## WHAT IS REQUIRED
Locate "Todas estas preguntas" in the listing. Transcribe the line that contains it and every line that follows, through the last, omitting all pictures.

## ENTRIES PROVIDED
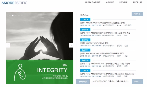 27일 아모레퍼시픽 채용 홈페이지에는 17개의 채용 공고를 내고 지원서 접수를 받고 있다. 서류접수를 앞두고 있는 채용은 경력직 사내 변호사로 10월 29일 자정까지다.
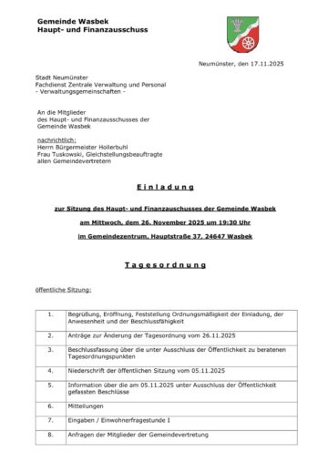 Amtliche Meldung Wasbek Der Haupt- und Finanzausschuss lädt ein zu seiner nächsten Sitzung. Schaut vorbei, bringt euch ein, stellt eure Fragen, informiert euch aktiv. Die Agenda öffnet ihr per Klick auf den Bildschirm. Matthias Gerken Posted on 18. Nov 2025 Screenshot Screenshot Der Beitrag steht unter Einhaltung der Bildrechte von Dritten zur freien Verfügung.
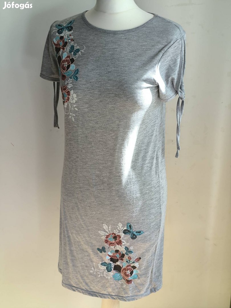 S- XS méretnek megfelelő, Bonprix szürke jersey ruha, vállaknál kivágással, virág mintával, térd fölé érő fazon.
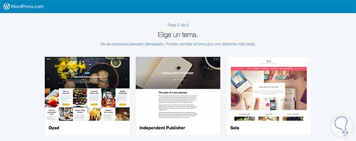 Todas estas preguntas sirven para el siguiente paso, ya que dependiendo del tema general que has escogido, WordPress te mostrará una pre-selección de plantillas que considera más idóneas para el blog que estás creando. No te preocupes demasiado si escoges una plantilla que no te convence, ya que más adelante la podrás cambiar sin problemas.
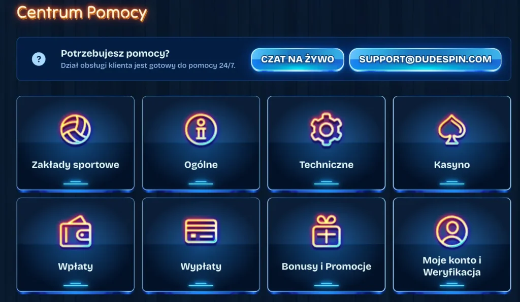 DudeSpin Casino udostępnia kompleksowe centrum pomocy z 8 sekcjami FAQ, które jest naprawdę pomocne i faktycznie pozwala rozwiązać wiele kwestii bez konieczności kontaktu z supportem. Jednak w razie czego obsługa jest dostępna 24/7 przez czat na żywo oraz kontakt mailowy pod adresem [email protected].
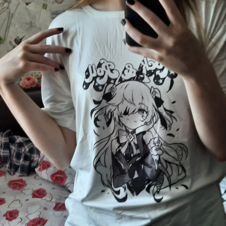 Заказала XL, чтобы был прям оверсайзнутый оверсайз, НО! Рисунок маленький. Плохо пропечатан. Материал футболки ужасный, очень прозрачный, рукава короче чем на фото! В общем полное не соответствие с фото. Не советую это заказывать.

## RESULT OF THIS TASK
 Todas estas preguntas sirven para el siguiente paso, ya que dependiendo del tema general que has escogido, WordPress te mostrará una pre-selección de plantillas que considera más idóneas para el blog que estás creando. No te preocupes demasiado si escoges una plantilla que no te convence, ya que más adelante la podrás cambiar sin problemas.
 DudeSpin Casino udostępnia kompleksowe centrum pomocy z 8 sekcjami FAQ, które jest naprawdę pomocne i faktycznie pozwala rozwiązać wiele kwestii bez konieczności kontaktu z supportem. Jednak w razie czego obsługa jest dostępna 24/7 przez czat na żywo oraz kontakt mailowy pod adresem [email protected].
 Заказала XL, чтобы был прям оверсайзнутый оверсайз, НО! Рисунок маленький. Плохо пропечатан. Материал футболки ужасный, очень прозрачный, рукава короче чем на фото! В общем полное не соответствие с фото. Не советую это заказывать.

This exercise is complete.